To test the display, connect an anode pin to +5 V, and then connect the pin corresponding to any segment to ground through a 470Ω resistor, which will give a current of about 7 mA. This should give satisfactory illumination. The smallest current that is satisfactory should be used, since the displays use a lot of current. Don't forget that something has to limit the current through the diode! In a display connected to a computer, the 7-segment displays are usually scanned for economy. Corresponding segments are all connected together and activated simultaneously, but 5 V is only applied to one anode, so that only that display lights. The displays are activated one by one in sequence, each one displaying its segments for a short time. If 7 mA gives sufficient illumination, and there are 4 displays, then the cathode resistors are chosen to give a current of 4 x 7 = 28 mA. Up to 60 mA is permissible, if it is applied intermittently. To the eye, all the displays will appear to be illuminated.

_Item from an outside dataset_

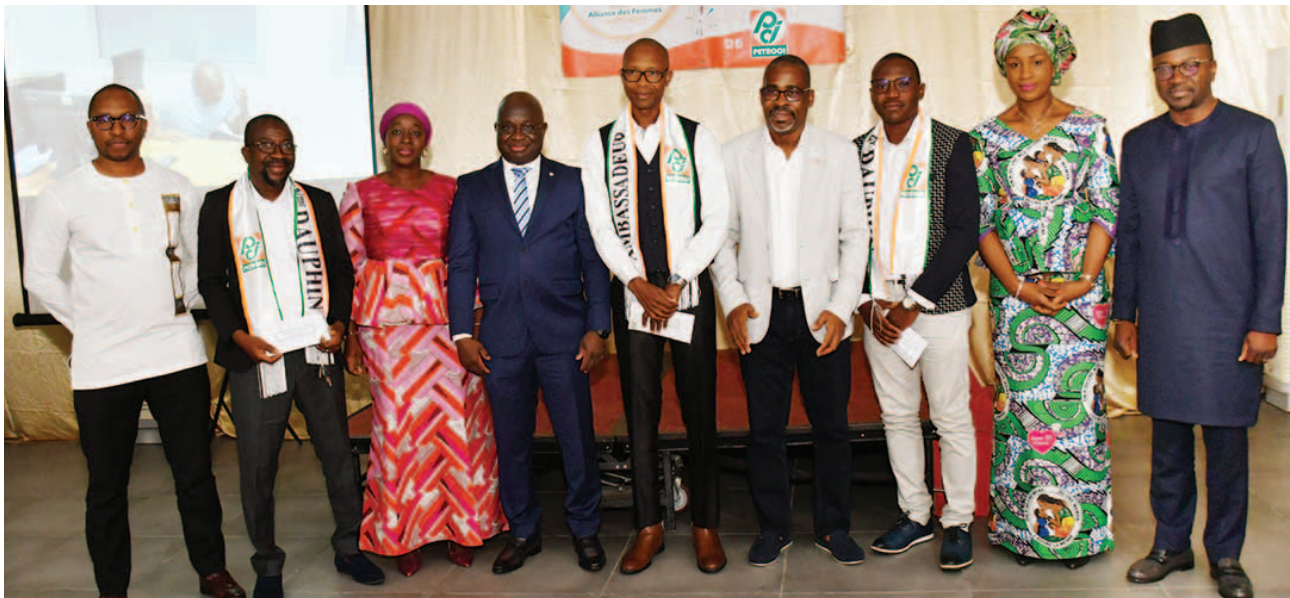
L'Ambassadeur PETROCI et ses dauphins encadrés par le management de PETROCI et le président de la mutuelle des agents de PETROCI The PETROCI ambassador and her runners-up surrounded by PETROCI management and the president of the PETROCI Staff Mutual

7-segment displays are often used with BCD (binary-coded decimal) decoder chips that take a 4-bit input and have 7 outputs, one for each segment. If 0110 is input, for example, the segments to display a "6" are illuminated. The pinout of a popular BCD-to-7-segment decoder, the 74LS47A, is shown at the left. The BCD input is DCBA, and the corresponding output goes low. To use this chip, simply connect each output with the corresponding segment of the display through a 470Ω resistor, with +5 V on the common anode. The decimal point is lighted by separate circuitry, which can simply be a resistor connected to ground to light it, or leaving the pin unconnected to hide it. The chip will work as you want it to with the three control inputs left unconnected. If you ground "test" all 7 segments will light. If you ground BI, all the outputs will be high, and the display will be blank. If you ground RBI, a zero will be blanked (this is for blanking leading zeros). RBI and RBO are used for a series of digits. We will not use these functions here, but they are there if you need them.
The decoder chip steals some flexibility from you. In particular, inputs greater than hex 9 give funny outputs. They could as well have displayed A - F, as hex digits, but they do not. You can find out what happens by experiment, or in the data sheet for the chip. If you control each segment separately and explicitly, you can display anything, and I think it is best to do this if you have computer control. Without a computer, the decoder chip makes things a little easier, however. Remember that it is not necessary to use a BCD to 7-segment decoder with the display.